Vatican arrests after documents leaked to media in 'serious betrayal of Pope's trust'
The Vatican's police force has arrested a priest and a laywoman on suspicion of leaking confidential documents to the media.
Spanish priest Lucio Angel Vallejo Balda, number two at the Vatican's Prefecture for Economic Affairs, and Italian laywoman Francesca Chaouqui, a public relations expert, were members of a commission that Pope Francis set up to study Church reform. They were arrested over the weekend, the Vatican said.
Chaouqui was released on Monday after she agreed to cooperate with the investigation.
Both were members of a COSEA (Pontifical Commission for Reference on the Organization of the Economic-Administrative Structure of the Holy See), a commission set up shortly after Pope Francis' election in 2013 to advise him on economic and bureaucratic reforms.
The commission completed its work last year and handed its information to the Pope.
The twin arrests came just days before two Italian authors were due to release books that their publishers say will reveal new evidence of past scandals in the Vatican.
The Vatican said the two books were a result of "the serious betrayal of the trust bestowed by the Pope" on the part of the two members of the commission.
"Regarding the two books in the next days, we clearly state that this time, as in the past, they are the result of 'a grave betrayal of the Pope's trust.'"
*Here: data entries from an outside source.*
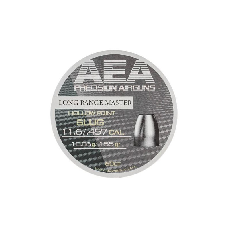 AEA Long Range Master 11,6 mm (.457) HP 155,5 Grain Slugs sind für den Einsatz in Hochleistungs-Luftgewehren konzipiert. Ihre aerodynamische Form macht sie für große Entfernungen geeignet, und das Gewicht sowie die Hohlspitze sorgen für hervorragende Wirkung.
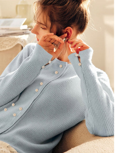 Alena French Style  Double-breasted Knitted Cardigan-Beige
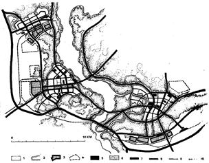 Рис. 57. Композиционное решение центральной части ГСНМ. Три развивающихся города, объединенных ориентацией на крупную реку системой связей и зеленых пространств, образуют общую композицию.

They were the first such arrests since Paolo Gabriele, former Pope Benedict's butler, was arrested for leaking documents in 2012 in what became known as the "Vatileaks" scandal.
One of the two books due to be released on Wednesday is "Merchants in the Temple", by Italian journalist Gianluigi Nuzzi, whose 2012 book "His Holiness", was based on the leaked documents he received from Gabriele.
The other book, called "Avarice," is by Italian journalist Emiliano Fittipaldi.